Interview: Ellen Page Talks Whip It

You probably know Ellen Page best as the confused teenage mom-to-be from Juno (for which she was nominated for an Oscar), but she’s built up an impressive resume in the past couple years that includes the terrifying Hard Candy, the debacle but box office smash that was X-Men: The Last Stand, Christopher Nolan’s upcoming Inception, and, this weekend’s new release, Whip It. The pint-sized acting dynamo plays Bliss Cavendar, a teen beauty pageant contestant who discovers roller derby and, amidst the rough-and-tumble sisterhood that makes the world up, the identity she’s been searching for. I got to sit down with Ellen this week to discuss the movie and working with first-time director Drew Barrymore on the production.

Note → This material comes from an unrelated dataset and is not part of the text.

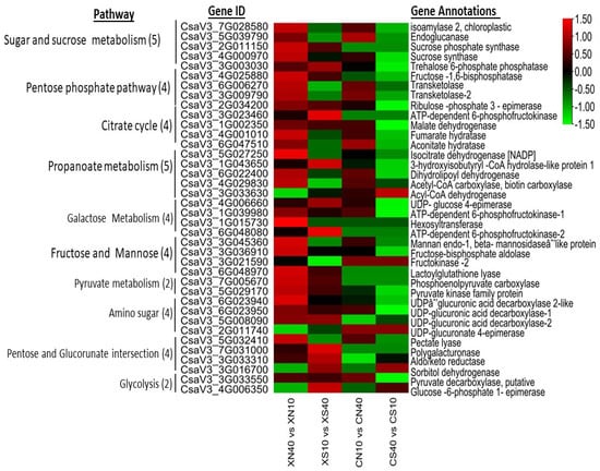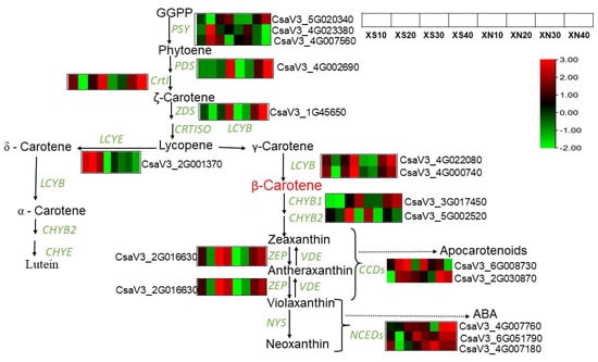 In this study, we observed a slight up-regulation of beta-carotene hydroxylase 1 (CHYβ1) (CsaV3_3G017450) at 40 DAP (FPKM = 1318.52) relative to XS at 40 DAPS (FPKM = 1129.618). This further emphasizes the putative role of CHYβ1 under day-neutral conditions. Under XS, the level of Zeaxanthin epoxidase (ZEP) increased firstly at XS_10DAP, dropped at 20 DAPS, and then increased again at XS_30 and 40 DAP, and its level was slightly higher in XS (FPKM = 152.300) at 40 DAP than in XN (FPKM = 145.965), but with no significant difference (p = 0.05). For CS and CN, the ZEP expression increased further under CN (229.84) than in CS (18.96) at 40 DAPS, but in the flesh, its expression decreased firstly and then increased at mature fruit stages (Datasheet S6). The level of carotenoid cleavage dioxygenase (CCD) had a high expression at XN_30 and 40 and a low FPKM value was observed under XS. CCD unigenes (CsaV3_6G008730) increased at XS_20 and XS 30, and then declined at XS_40, with a decreasing trend also shown in XN over time. CCD’s (CsV3.2G030870) highest peak expression was realized at 40 DAP in the flesh of CC3 (Figure S9 and Datasheet S6). Carotenoid biosynthetic genes were more highly expressed under XIS than CC3, with high expression levels observed under XN. Carotenoid degradation genes are expressed more highly in CC3 than in XIS with higher FPKM values in CN. The analysis of the top ten DEGs in CS and CN revealed high expressions of carotenoid cleavage-related genes such as WRKY protein, phenylalanine ammonolyses, glycosyltransferase, lipoxygenase, and peroxidase, among others (Table S2).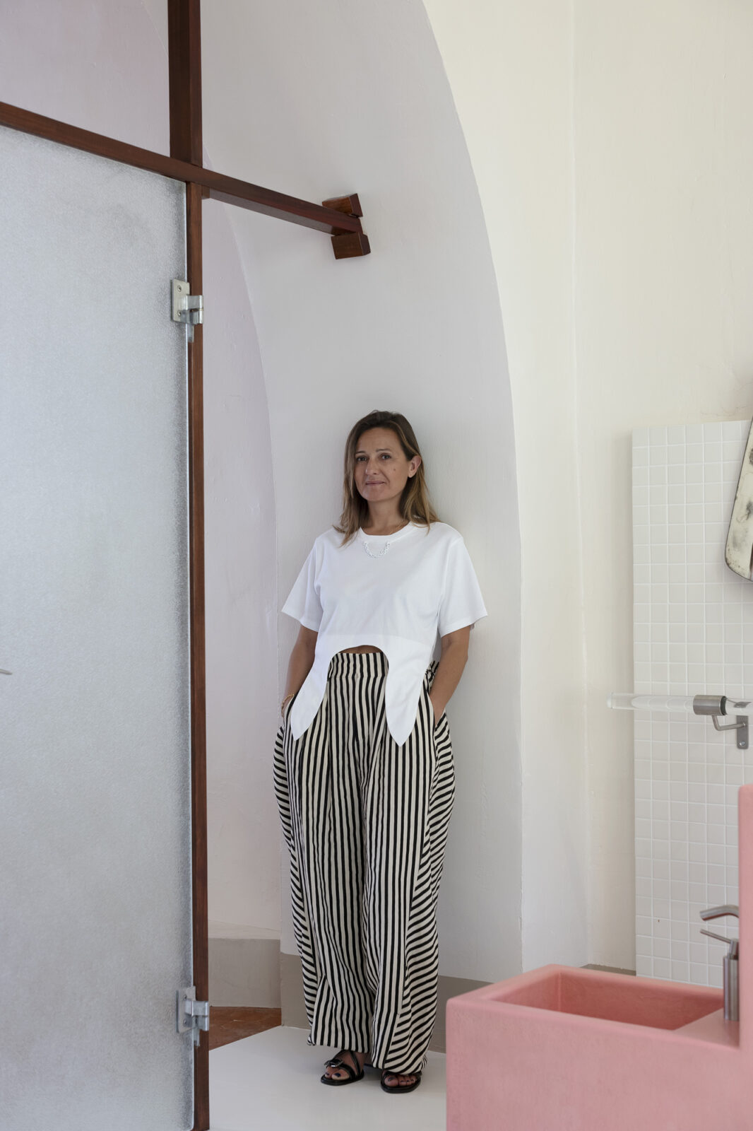 Francis Cabrel, Sophie Calle, Betty Catroux, Jean-Michel Basquiat ou encore Virginie Despentes, voici quelques-uns des noms qui s’affichent en toutes lettres sur le lourd interphone en laiton situé à l’entrée de cette Résidence vue mer. Certainement la copropriété la plus artistique de France, une académie les pieds dans l’eau. Oh magie, quand on presse sur l’un des boutons, l’occupant nous répond ! Le ton est donné, chic et décalé. La porte franchie, les pièces sont à l’avenant, conjuguant épure, sophistication, poésie et humour. Un véritable enchantement tant dans les objets les plus volumineux comme la balustrade en savon de Marseille que dans les plus petits à l’image de ces fourchettes à corps de gambas, idéales pour le barbecue, naturellement intégré comme n’importe quel appareil électroménager à la cuisine équipée de cet appartement de vacances. Vous l’aurez compris, il flotte dans cet endroit expérimental un air de décontraction fantasque à l’image du travail de sa créatrice, d’autant plus libre qu’elle joue à domicile ou presque et sans contraintes hormis celles des volumes. Vivant entre Paris et Marseille, Marion Mailaender a grandi dans la cité phocéenne, au milieu de ces édifices dits de « standing » avec halls en marbre, poignées en laiton et stores pour les loggias. Un modernisme un peu opulent typique de ce "French dream" d'après guerre lié aux congés payés et aux vacances qui s'est épanoui sur la Riviera et a façonné son imaginaire. Et qu’elle décline avec bonheur dans ses projets comme au Tuba Club, un ancien club de plongée transformé en un petit hôtel de charme aux Goudes. Less is more, too much is cool, aime à professer l’architecte et designeuse qui aime autant la fonction brute d’un objet qu’au contraire, sa version baroque dans la pure tradition déco française où l’utile est toléré à condition d’être beau. Il y a donc du minimalisme chez Marion Mailaender, mais toujours compensé par une touche généreuse. Il en résulte un équilibre où le volume n’est jamais synonyme de froideur, l’épure jamais ennuyeuse.

Cole Haddon: So did you knew how to skate before you got the part of Bliss?

Ellen Page: A little. I wasn't always a good skater, but I could skate.

CH: Then how brutal was the training that you guys went through?

EP: It was just fun, to be honest with you. I trained for three months. I worked with a really awesome derby trainer and simultaneously worked with a physical trainer just to get stronger. I just worked hard, ate well. Went to bed early.

CH: And who had the worst bruises at the end of it all?

EP: I'd say Drew, but she just cheats because she bruises easily.

CH: Speaking of Drew, what was it like working on a female-centric movie with a female director?

EP: I find those gender questions weird, but working with Drew was amazing. That's all I know. She was just tireless, in a way that was inspiring. Here was someone who was in pre-production for their first feature film while also training to be a roller derby star. And she was just always there, always available, and always emotionally present with the material. She just really guided me through everything.

CH: And is it true that she calls you “Small Newman?”

EP: She really does. She calls me Small way more than she calls me Ellen. I don't know if I've been called Ellen since we shot the film. I love it. I have a nickname from Drew Barrymore. I'll live. I love nicknames. It makes me feel loved. It makes me feel less alone in this world.

CH: And was it the role of Bliss Cavendar or the chance to work with Drew that made you want to be a part of Whip It?

EP: First of all, I read the script and loved it, and was really fascinated and excited about this resurgence of roller derby and what that represented for women. And the fact the Drew Barrymore was attached to direct was really thrilling. When I finally met Drew, I was like, "Oh, wow, I definitely want to do this." I was so lucky. This was before Juno, so she saw something in me that she liked. And, I'm honored to be a part of her first film.

CH: Whip It tackles both the pageant and the derby worlds, which couldn’t be more different. Did you enjoy both aspects of the project?

EP: Yeah. What I liked about it is that Bliss was by no means evilly forced into the pageant world. She loved that that allowed her a connection with her mother, and she liked to make her mother happy. It just obviously wasn't what was igniting a passionate fire within her. Then when she discovers derby, that's the thing she connects with, and that's the thing that allows her to come out of her shell, establish a sense of confidence, develop a sense of sexuality and really be in touch with herself, in a way she'd never felt before. That was a really nice transition to explore.

What I really loved about how Drew handled the pageant aspect of it was that she didn't do that overly tacky, judgmental way of approaching it because a lot of people probably feel about pageants the way Bliss feels about derby. I didn't want it to seem like we were being really judgey about it. I wanted to show respect towards that.

CH: Last question. When Bliss discovers roller derby, she finds her place, her tribe. When you found acting, was it anything like that for you?

EP: Yeah, it was something I fell in love with, and I'm still very, very in love with it. But I don't attach myself with it so much. I adore it, and I'm so grateful to do it as my job, but there are other things that I really love. I don't want to become unhealthily attached to what I do. I'm grateful for what I do, but I also want to be able to be OK when I'm not doing it.